• [TASK DIRECTIONS]: When you reach the line holding "文章説,美國政客在面對槍支暴", please begin to restate the lines word for word and continue through the last one in the material, excluding pictures.

• [DATA]:
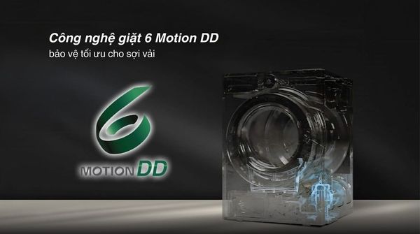 - Máy sử dụng công nghệ 6 Motion DD độc quyền từ LG, mô phỏng sáu chuyển động rửa tay gồm chà xát, nhào trộn, quay, đập, đảo và nén. Nhờ đó, quần áo được giặt sạch sâu hơn mà không gây tổn hại vải, đặc biệt hiệu quả với đồ tinh hoặc đồ len cần chăm sóc nhẹ nhàng.
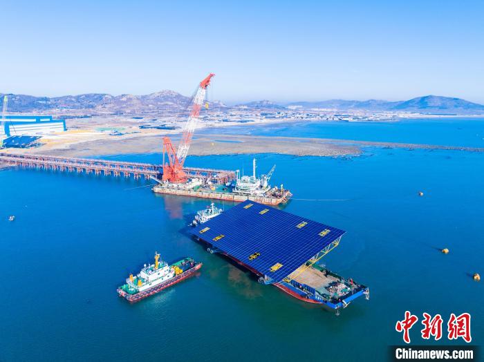 1月11日,“宝鼎16”轮载运中电建青岛即墨海上光伏项目第一榀钢平台离开码头。(无人机照片)
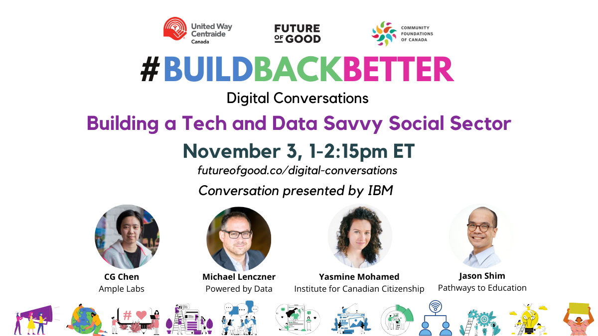 The social impact sector has no choice but to become more tech and data savvy, and we can’t wait to dive into this more with IBM Canada, our visionary sponsor at the Future of Good Summit on Nov 25-26. IBM Canada is collaborating with Future of Good to co-create impactful digital content between Nov 2020 and Jan 2021, and will kick off with our #BuildBackBetter digital conversation on November 3rd to explore how communities across Canada can benefit from a tech and data-savvy social sector.
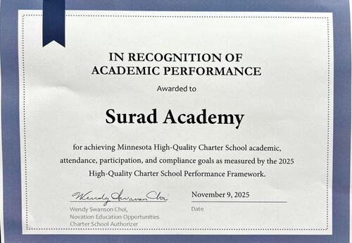 Surad Academy is proud to announce that we has been awarded the Minnesota High-Quality ...
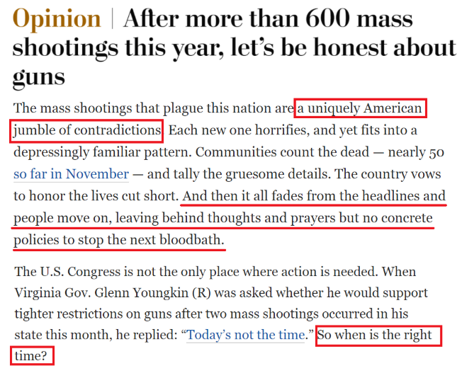 文章説,美國政客在面對槍支暴力事件時,極力避免使用“槍”“火器”或“大容量彈匣”這些詞,但卻毫不猶豫地將精神疾病列為造成“意外事件”的因素。即使研究早就表明,與精神疾病相關的涉槍殺人案只佔所有涉槍殺人案的5%。
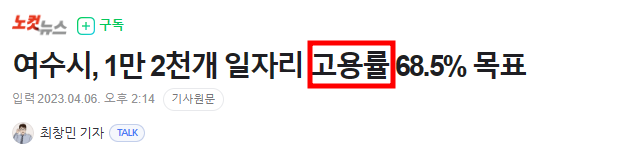 - 고용률(%) = 취업자 / (15세 ~ 64세 이상인구) x 100

• [ANSWER AREA]:
 文章説,美國政客在面對槍支暴力事件時,極力避免使用“槍”“火器”或“大容量彈匣”這些詞,但卻毫不猶豫地將精神疾病列為造成“意外事件”的因素。即使研究早就表明,與精神疾病相關的涉槍殺人案只佔所有涉槍殺人案的5%。
 - 고용률(%) = 취업자 / (15세 ~ 64세 이상인구) x 100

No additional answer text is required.